After our trip, I began to read todays Gospel to prepare for this sermon. Blessed are you who…
Are hated, excluded, reviled and defamed because of Christ
And woe to you who…
Are spoken of highly
We’ve heard some of these words before – or something pretty similar – found in the gospel of Matthew in the more famous Sermon on the Mount. Today’s gospel is referred to as the Sermon on the Plain. The Plain – a level place where all who heard Jesus teach were standing as equals – no advantages or disadvantages on being able to see or hear the words Jesus taught. While the Sermon on the Mount focuses only on the “blessed are they who”, Luke’s version of this event describes the flip side – for there is often a flip side to who we are and what our lives are really like in their totality.
Blessings…boy to we Christians love this word! We are blessed when things go well for us – a new job, a renewed friendship, even stumbling across a sale on a great pair of shoes gets labeled as a blessing!
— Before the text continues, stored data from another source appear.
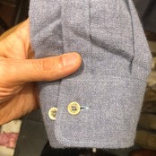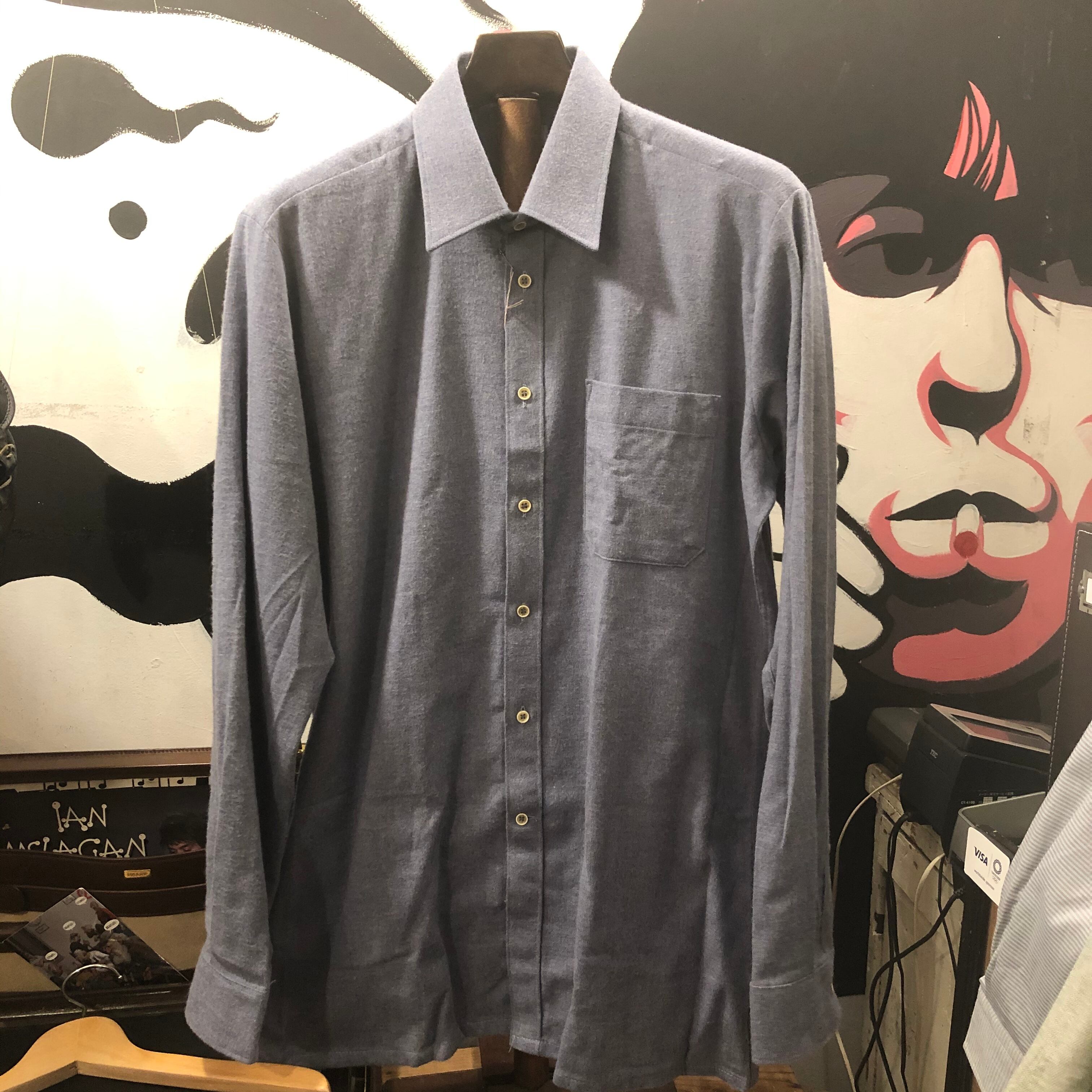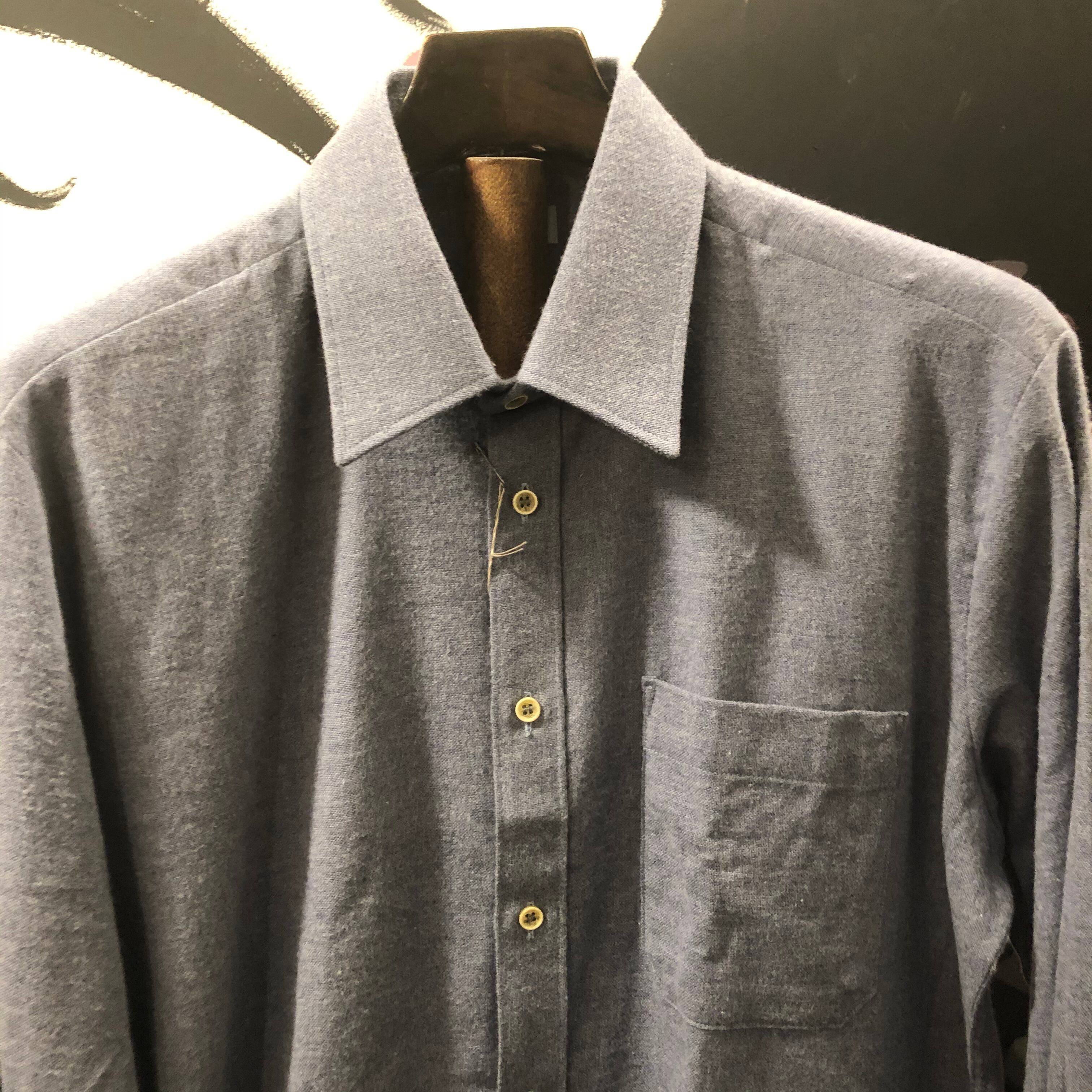 Haticoシャツ。ヴィンテージ デッドストック。ドイツ製。毛足の長い柔らかい肌触りのコットン100%のシャツ。ブルーグレーで落ち着いた大人な雰囲気の色合いで、飴色っぽいボタンもヴィンテージ 感があって、いい感じです。
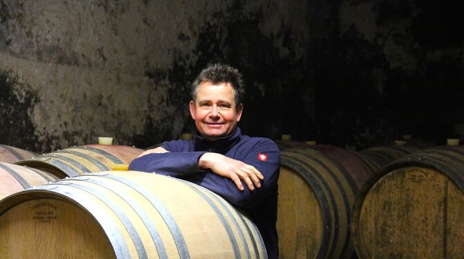 Seit 800 Jahren existiert die Spitalkellerei Konstanz. Einer der beiden Pächter ist Stefan Düringer, hier im Kellergewölbe. FOTOS: FRICKER
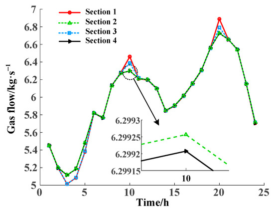The total amount of gas purchased by IES under different sections is shown in Figure 14. Compared with the comparison Section 1, Section 2, and Section 3, the gas source output of Section 4 decreased by 0.3046 km3, 0.0077 km3, and 0.1528 km3, respectively. Compared with Section 1 and Section 3, Section 2 and Section 4 have reduced gas purchases. Due to the lower energy demand from 3:00 to 5:00, the CHP output of IES1 and IES2 is 0. By utilizing the characteristics of pipeline storage, the remaining natural gas produced by the gas source is stored and used as fuel for CHP and GB from 7:00 to ~10:00 and from 17:00 to ~24:00, reducing the amount of gas purchased and thus reducing the cost of gas purchase, as shown in Figure 15. Compared to Section 3, Section 4 has reduced CHP output. The two-stage robust model can expand the solution space and solve for the optimal gas source output in the worst-case scenario, further reducing the gas purchase volume in Section 4.
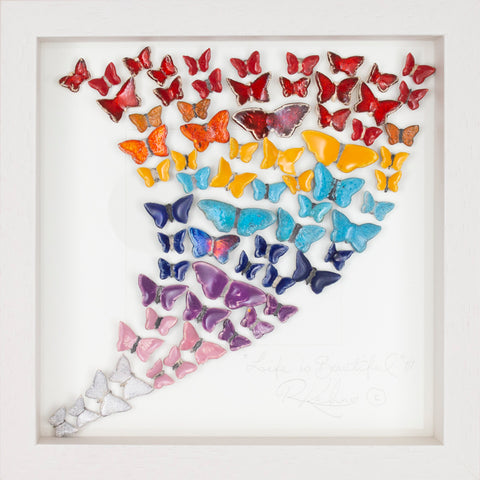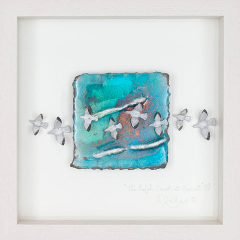 This piece depicts our stunning Irish landscape with its lush green rolling hills as well as some of our whimsical circular Martello towers which are dotted in abundance across our beautiful coastline.
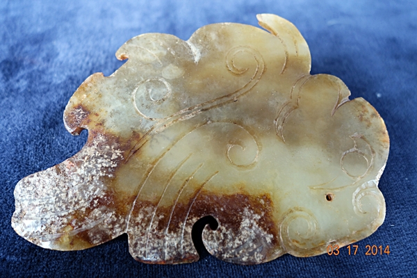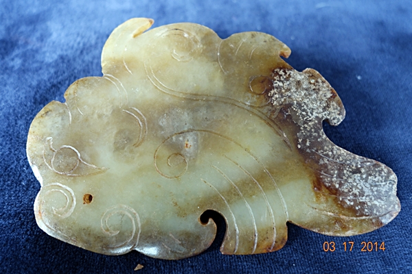 D5 品名: 玉鳥珮 玉料: 和闐白玉 規格(寬×高×厚-公分): 11×7×0.4

We thank God for blessing us with another year on our birthdays and God certainly blesses us when we find a $20 bill in our jacket pocket that we haven’t checked since the last cold snap. So does that mean that we are doing something right? Living our best lives at that very moment? And if that is true, then isn’t the opposite also true? When we don’t find ourselves so “blessed” – are we doing something wrong and somehow deserve our woes?
That’s just not how God works – handing out random blessings and woes to each person on the planet sounds like some kind of god that I’m not interested in having a relationship with. In fact, that seems rather cruel and without any sort of God-like intention at all. This passage from our Gospel reading today speaks nothing of what God supposedly hands out to us in the way of blessings and woes, but rather speaks about our current lived condition. Sometimes life is easier and sometimes life is harder. And while some things are completely outside of our control, there are many ways that we use our privilege to keep our privilege for ourselves, even at the expense of others.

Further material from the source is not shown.